Скажи мне - вырос ли ты? Я оставил тебя ребенком, найду молодым человеком; скажи, с кем из моих приятелей ты знаком более? что ты делаешь, что ты пишешь?"
Мысль о том, чтобы брат пошел на военную службу, видимо, прочно овладела Пушкиным. Об этом можно судить уже по одному тому, что 4 сентября того же года он писал Льву Сергеевичу тоже из Кишинева: "Во-первых, о службе. Если б ты пошел в военную - вот мой план, который предлагаю тебе на рассмотрение. В гвардию тебе незачем; служить 4 года юнкером вовсе не забавно. К тому же тебе нужно, чтоб о тебе немножко позабыли. Ты бы определился в какой-нибудь полк корпуса Раевского - скоро был бы ты офицером, а потом тебя перевели бы в гвардию - Раевский или Киселев - оба не откажут. Подумай об этом, да, пожалуйста, не слегка: дело идет о жизни".
То обстоятельство, что 17 января 1823 года Сергей Львович обратился к императору Александру I с приведенным выше прошением, дает основание думать, что мысль Александра Сергеевича нашла поддержку в семье Пушкиных.
Случилось, однако, так, что план этот не осуществился, и Лев Сергеевич поступил на службу в Департамент духовных дел иностранных исповеданий министерства внутренних дел, возглавляемый А. И. Тургеневым. Непосредственным начальником его был К. С. Сербинович, с которым он, кажется, не очень ладил.
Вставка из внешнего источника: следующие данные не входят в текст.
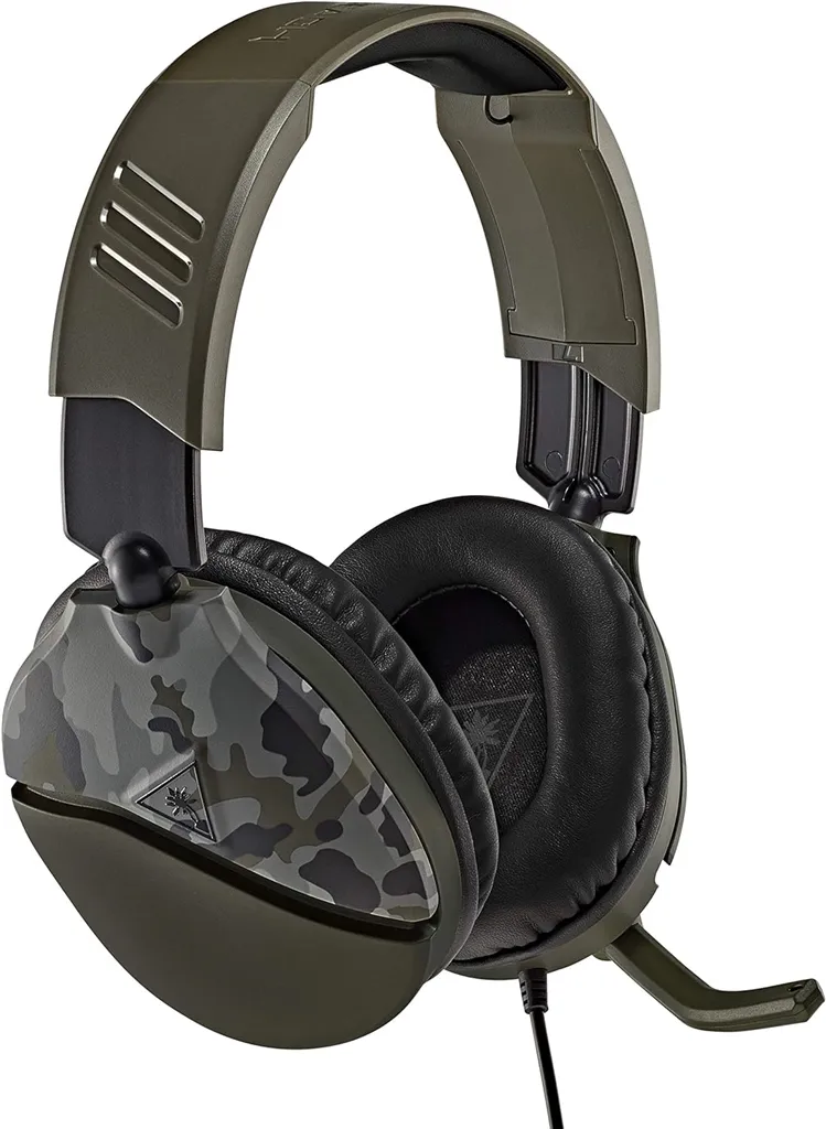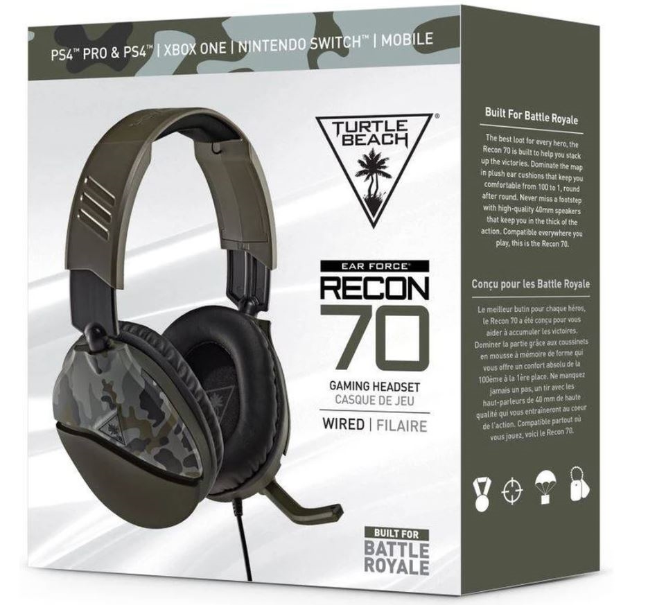 Przewodowy zestaw słuchawkowy do gier Turtle Beach Recon 70, gniazdo 3,5 mm, duże głośniki 40 mm zapewniające doskonały dźwięk, zakres częstotliwości 20 Hz - 20 kHz, regulowany i odłączany mikrofon, elementy sterujące na kablu, uniwersalna kompatybilność.

Известно, что службой Лев Сергеевич не дорожил, вызывая недовольство Сербиновича и прочего начальства. Этим, вероятно, можно объяснить постоянное стремление Льва Сергеевича ее оставить.
Еще до поступления его в департамент А. С. Пушкин, находясь в ссылке в Михайловском, куда прибыл 8 августа 1824 года, особенно много общался с младшим братом, к неудовольствию Сергея Львовича.
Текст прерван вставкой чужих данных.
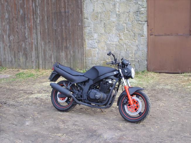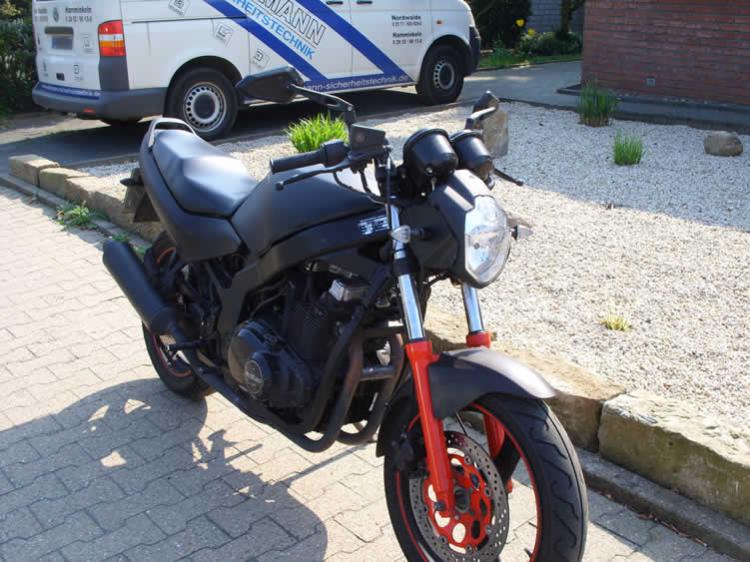 Suzuki GS 500 E, GM 51 B, Baujahr 1993, 40.000km Umbauten / Änderungen: - matt schwarz lackiert mit roten akzenten - stealth spiegel - mini Blinker vorn&hinten - rote Becherbeleuchtung - mt03 scheinwerfer - stahlflexleitung vorne+hinten - progressive Gabelfedern - selbstgebauter Lampenhalter |

В Петербург Лев Сергеевич уехал между 3 и 5 ноября 1824 года. Судя по формулярному списку, к своим служебным обязанностям он приступил 13 ноября. Можно думать, что вскоре после этого Лев Сергеевич сообщил брату в Михайловское о том, что он тяготится службой и хочет подать в отставку. В связи с этим Александр Сергеевич писал ему 14 марта 1825 года: "Ради бога, погоди в рассуждении отставки. Может быть, тебя притесняют без ведома царя. Просьбу твою могут почесть следствием моего внушения. Погоди хоть Дельвига". Лев Сергеевич послушал старшего брата и продолжал служить с грехом пополам до июня 1826 года, о чем мы узнаем из дела № 7680а (в формулярном списке сказано, как мы упоминали, что он уволен по прошению 26 октября 1826 года).
Между тем в отношениях братьев в 1825 году произошел явный разлад. П. В. Анненков, мы уже говорили, объясняет его тем, что Лев Сергеевич перестал удовлетворять брата как комиссионер, то есть посредник, помощник в литературных делах, которые он якобы выполнял с 1821 года (говорим "якобы", так как в действительности он помогал А. С. Пушкину в этих делах еще в 1819-1820 гг.), но дело, конечно, не только в этом. Разлад был в первую очередь результатом "ветрености", легкомыслия, мотовства и необязательности Льва Сергеевича. Несомненно, свою роль здесь сыграли также те (в том числе и отец), кто старался "изгладить из сердца" Льва Сергеевича привязанность к брату. Косвенным свидетельством разлада является их переписка, но есть и прямые доказательства.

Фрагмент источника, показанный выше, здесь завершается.